In Section 1 we learned about fundamental diagrams and the theoretical relation between speed and flow on a road. In practice the relation between speed and flow can vary between different roads. The figure below shows a scatter plot of speed versus flow for the Stockholm motorway section (and the same week) as we looked at above.

In the scatterplot below we can also see how the relation between speed and flow depends on the time of day. Here the color represents the hour of the day (0-23).

Blandin et al.** **studied the empirical relation between point speed and point flow for 112 stationary traffic radars in the San Francisco Bay Area, California **[**Blandin2012**]**. Their empirical measurements show that in reality the speed-flow relation can look very different at different roads (flat, increasing linearly, decreasing linearly, non-linear).

**Data-driven examples**

**Maps, mapping and geographic information systems (GIS) **

GIS are an essential part of any digitised traffic system.

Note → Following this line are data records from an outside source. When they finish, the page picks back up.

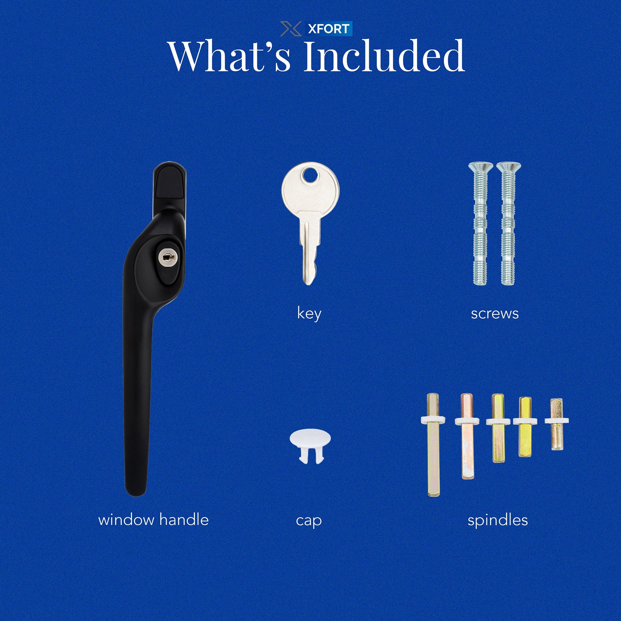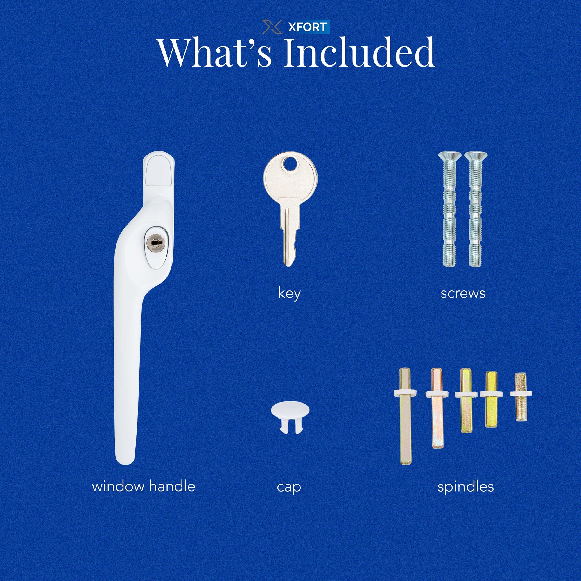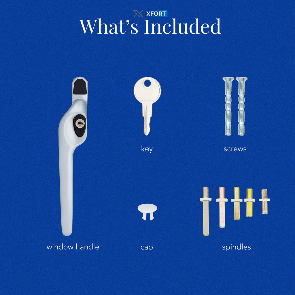 FITTINGS: The UPVC window handle comes with multiple spindle lengths (10mm, 15mm, 20mm, 30mm and 40mm), screw hole covers, adjustable screws, and a keyhole cover for a neat finish.
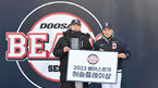 [OSEN=잠실, 조은정 기자]25일 서울 잠실구장에서 '2023 곰들의 모임' 행사가 열렸다.두산 이승엽 감독이 홍성호에게 2023 베어스파크 허슬플레이어 시상 후 포즈를 취하고 있다. 2023.11.25 /cej@osen.co.kr
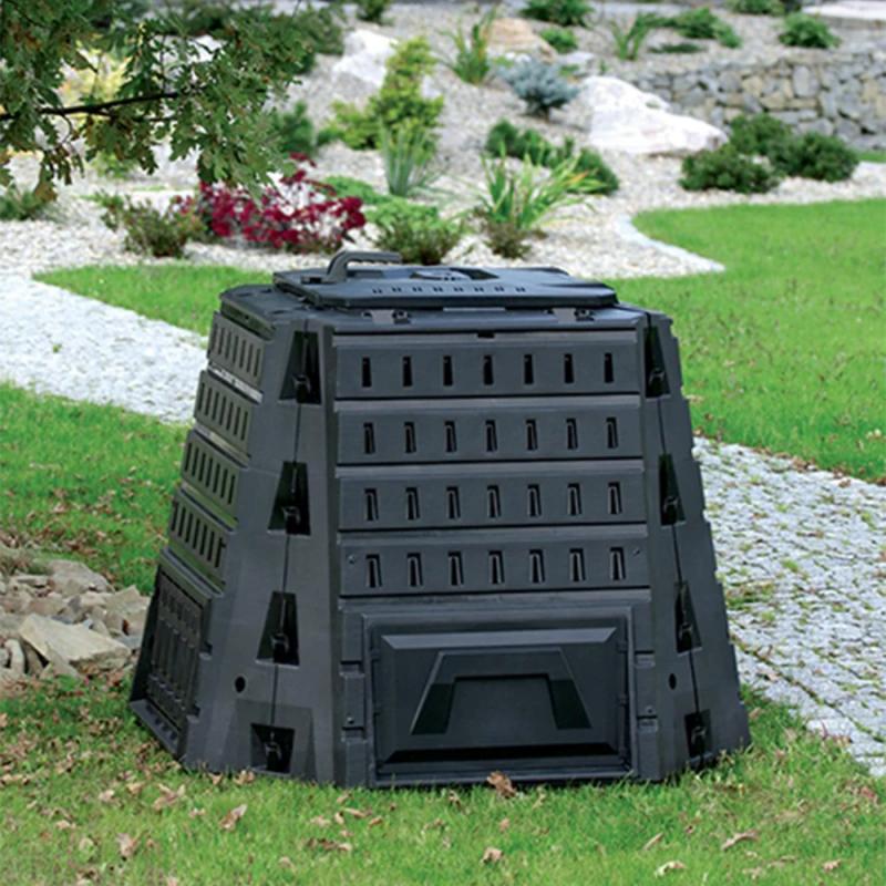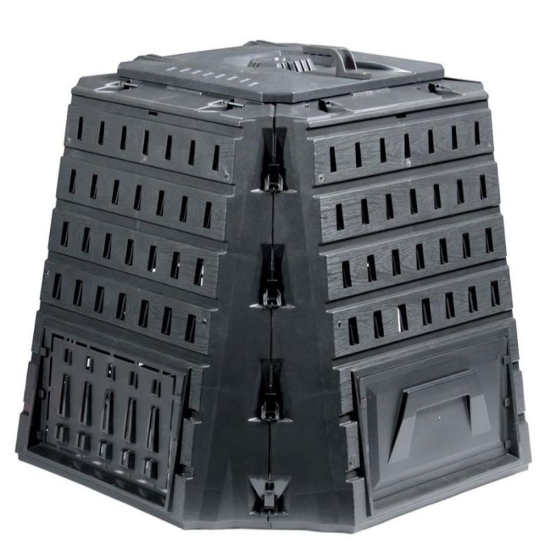 Kompostētājs BIOCOMPO ir ideāls risinājums mājas komposta ražošanai, veicinot videi draudzīgu atkritumu pārstrādi un augsnes bagātināšanu. Tā izturīgā plastmasas konstrukcija ar dubultām sienām nodrošina ilgmūžību un efektīvu kompostēšanas procesu. Kompostētājam ir vāks ar rokturi un ventilācijas atverēm, kas uzlabo gaisa cirkulāciju un paātrina organisko materiālu sadalīšanos. Tas ir izturīgs pret salu un ultravioletajiem stariem, padarot to piemērotu lietošanai dažādos klimatiskajos apstākļos. Izmērs (G x P x A) 101.8 x 101.8 x 84.4 cm, tilpums 500 l.
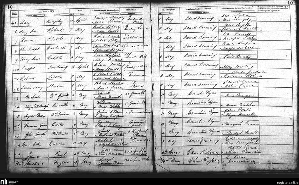 St. Mary's, Dublin city; County of Dublin; Archdiocese of Dublin. Baptisms, May 1883
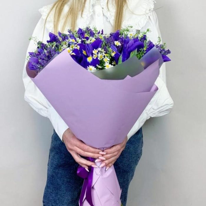 Вероника – 6 шт.Зелень – 3 шт.Матрикария – 6 шт.ирисы – 15 шт.
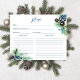 Snow in love winter bridal shower template recipe card, watercolor dusty blue winter berries on snowy pine branches snowflakes recipe card
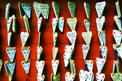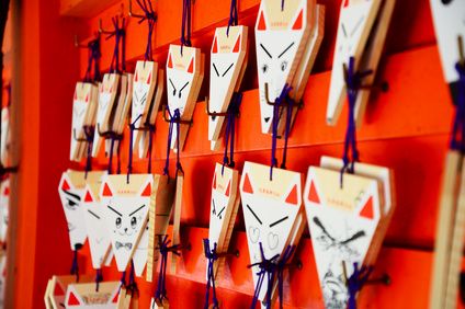 絵馬なので、願い事を書くのが目的です。参拝者の多くは顔を描き加えて個性的な狐を完成させています。
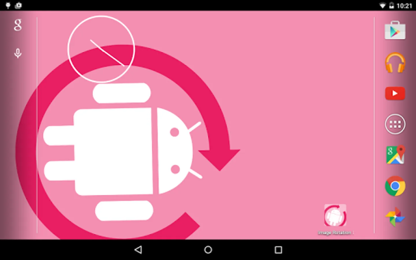 This app is a live wallpaper which rotates a picture continuously. You can specify a direction, a speed, a position and a size.
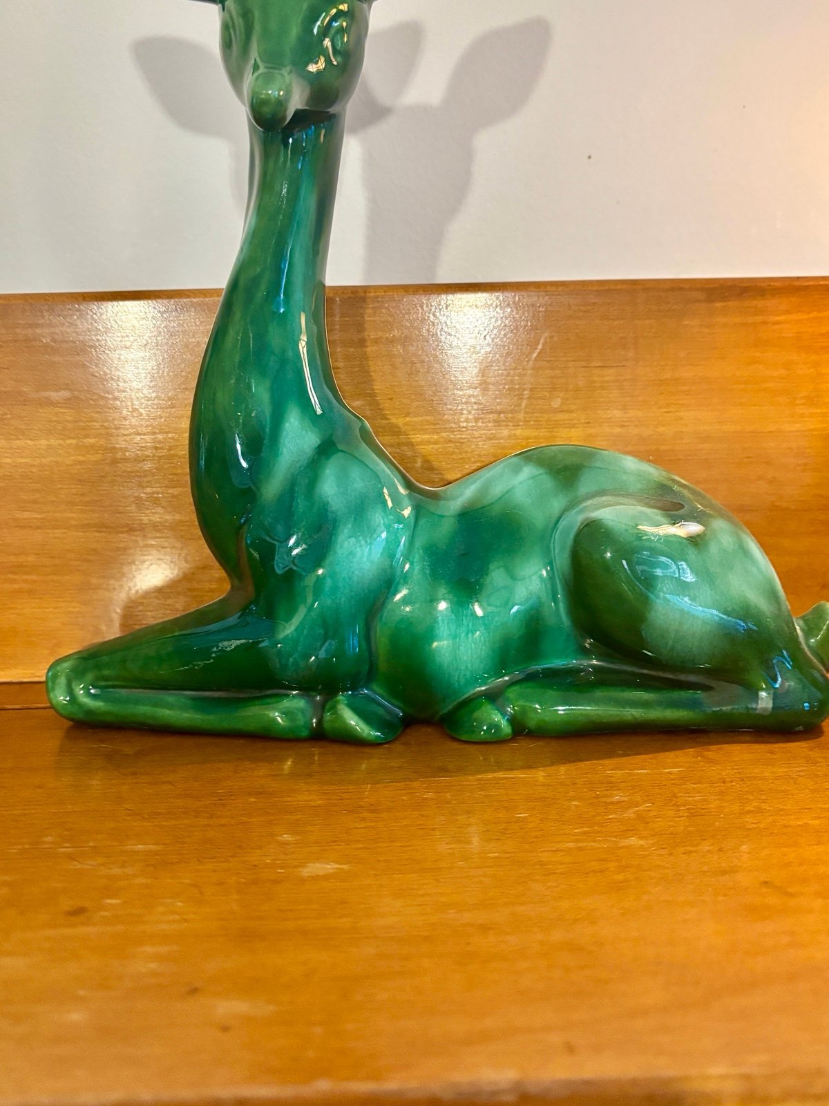 Stunning, whimsical tabletop or garden decor! Behold this fanciful deer/doe/fawn, glazed in a dreamy swirly green. This ceramic figurine is larger than most pieces of its kind. Her detailed eyes, adorably big ears, graceful neck, and serene pose are particularly lovely.

They capture, store, check, and display data related to positions on the Earth’s surface. GIS typically show streets, *roads*, buildings on maps. Whether for placement of sensors, attaining positions, plotting gathered data or visualising predictions we need mapping for the front end and the GIS system itself for the backend, processing and more. Commercial mapping tools that are well known include Google, WAZE, INRIX andHERE maps. For travel planners, some use an open file system, GTFS from Google originally, for timetabling. OpenStreetMaps is an open mapping system, and besides the core maintenance, relies heavily on user contributions. REST APIs are also open and can be built into applications such as **[**HereMaps**]**.

**Data sources with examples**

**INRIX**

*“Founded in 2005, INRIX pioneered the practice of managing traffic by analyzing data not just from road sensors, but also from vehicles. This breakthrough approach enabled INRIX to become one of the leading providers of data and insight into how people move around the world.” *https://inrix.com/about/ (viewed 5 June 2020).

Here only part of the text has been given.